Spalletti: “La cosa assurda è che gli unici non professionisti sono gli arbitri. Anche il bacio è contatto (e bacia Federica Zilli)”
Meravigliosa performance a Dazn: “Non parlo degli episodi. Non tutti i falli di mano possono essere rigore, non tutti gli step on foot possono essere rigore”

L’allenatore della Juventus, Luciano Spalletti, ha rilasciato alcune dichiarazioni a Dazn dopo il pareggio contro la Lazio.
Un errore vostro he porta al gol avversario, siete in testa alla classifica di errori che portano al gol avversario.

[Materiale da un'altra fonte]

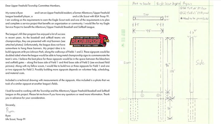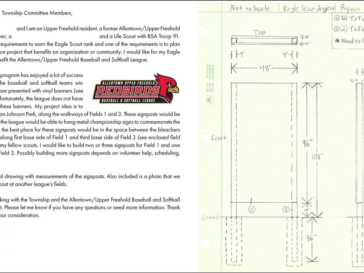 For the Eagle Scout project, the requirement is that I plan, develop, and give leadership to others in a service project helpful to any religious institution, school, or my community. The project must benefit an organization other than Scouting America (BSA). I have decided to use my project to benefit the Allentown-Upper Freehold Baseball and Softball League.
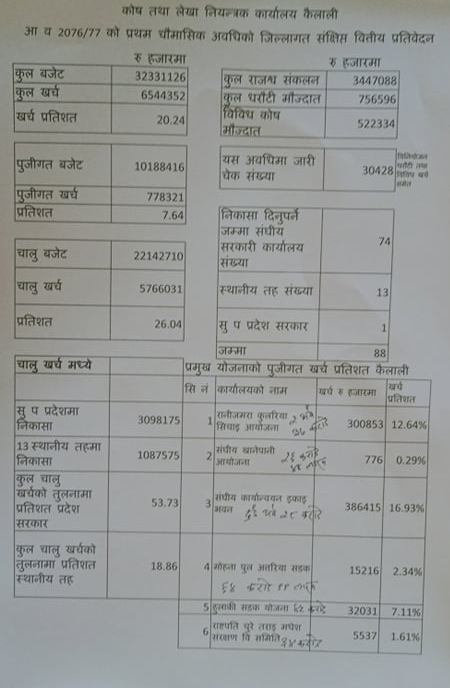 जिल्लामा पहिलो चौमासिकमा ७ दशमलव ६४ प्रतिशत मात्र पुँजीगत अर्थात विकास तर्फको बजेट खर्च भएको छ। चालु आर्थिक वर्षका लागि १० अर्ब १८ करोड विकास बजेट रहेकोमा पहिलो चौमासिकमा ७ दशमल ६४ प्रतिशत अर्थात ७७ करोड बजेट खर्च भएको कोष तथा लेखा नियन्त्रक कार्यालयका सूचना अधिकारी मदनराज पाण्डेले बताए। उनका अनुसार चालु आर्थिक वर्ष २०७६/०७७ मा कैलालीका ६ ठुला विकासे आयोजनामा सबैभन्दा कम शुन्य दशमलव २९ प्रतिशत खर्च संघीय खानेपानी आयोजनाको छ।
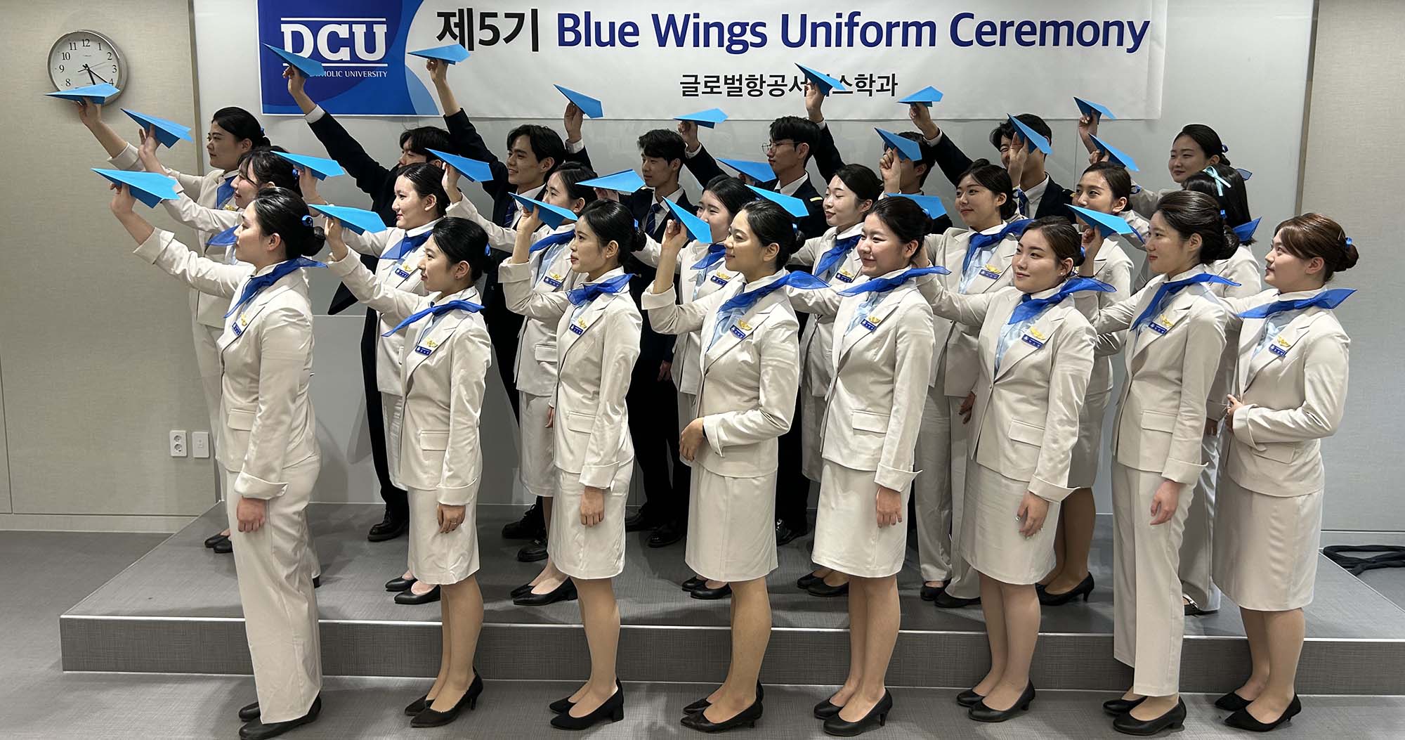 대구가톨릭대학교(총장 성한기) 글로벌항공서비스학과는 지난 4월 2일 교내 성예로니모관에서 제5기 윙수여식(Blue Wings Uniform Ceremony)을 개최했다.
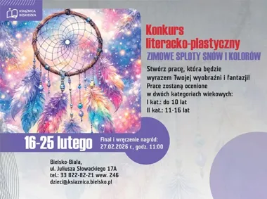 Książnica Beskidzka organizuje konkurs pod nazwą “Zimowe sploty snów i kolorów” - uczestnicy mogą przesyłać prace literackie albo plastyczne, pokazujące ich spojrzenie na zimę. Książnica czeka na zgłoszenia - termin nadsyłania prac to 25 lutego. Rozstrzygnięcie konkursu i wręczenie nagród odbędzie się 27 lutego o godz. 11:00. ❄️🏆

“È colpa delle richieste che gli si fanno. Durante questo periodo, chiedo sempre di giocare le palle, di non buttarle via, dobbiamo cercare di uscire anche sotto pressione, alzare il livello del calcio, di qualità. Poi in tutte queste richieste bisogna riuscire ad anticipare le situazioni di pericolo, un errore si può fare. Locatelli è stato uno dei migliori fin qui, una palla persa non preclude il rendimento. Ci dobbiamo portare dietro la reazione e la prestazione della squadra. Quando si alza il ritmo, non bisogna tradurla in frenesia, anche la pressione per ribaltare il risultato. Bisogna tradurla in velocità non in frenesia e in confusione. Ci sono molte azioni che potevamo portarle in fondo e invece poi questo alzare il ritmo lo facciamo debordare in quella che è un po’ di confusione. Noi bisogna vivere nella pressione, è quello il momento bello. quando sono tutti zitti perché siamo sotto di due gol e dobbiamo ribaltarlo. Dobbiamo vivere sempre sotto pressione, è la scelta che abbiamo fatto, è quella la cosa che ci dà soddisfazione e ci fa capire se siamo o no a questo livello. I giocatori hanno giocato una grande partita, ribaltata un risultato difficilissimo”.
Il gol annullato e il fallo su Cabal.
“È una cosa che l’arbitro può interpretare come vuole, perché il difensore interviene in maniera imprudente. Mi interessa relativamente se è rigore o se non è rigore. Sono cose che capitano. È un gesto imprudente, ma allargherei il discorso. Ormai si va tutti a protestare sulle regole che ci sono. C’è sempre l’interpretazione, step on foot, il fallo di mano, c’è sempre da dover valutare la situazione del momento, non si può generalizzare, tutti i falli di mano son tutti rigori o gli step on foot son tutti i rigori: no, non è così. Gli unici non professionisti sono gli arbitri, sono gli unici precari di tutto lo stadio. Gli arbitri devono essere professionisti. Non voglio parlare di questo. L’altra domenica è Abisso che ci da’ il rigore dopo un minuto e mezzo (si riferisce al mani di Bremer contro l’Atalanta in Coppa Italia). Nemmeno Palladino se n’era accorto. Ti posso dare un bacio? (E bacia Federica Zilli, un bacio casto, sulla spalla). È un contatto anche il bacio, così come una carezza. Serve solo l’interpretazione, per tutto. Per i falli di mano e per gli step on foot. Se è così, quello di stasera è sempre rigore. La cosa che non va bene è che l’unico che non è professionista è l’arbitro. Deve andare a casa e pensare ad altre cose perché a fine anno potrebbe non fare lo stesso lavoro. Questo crea uno squilibrio”.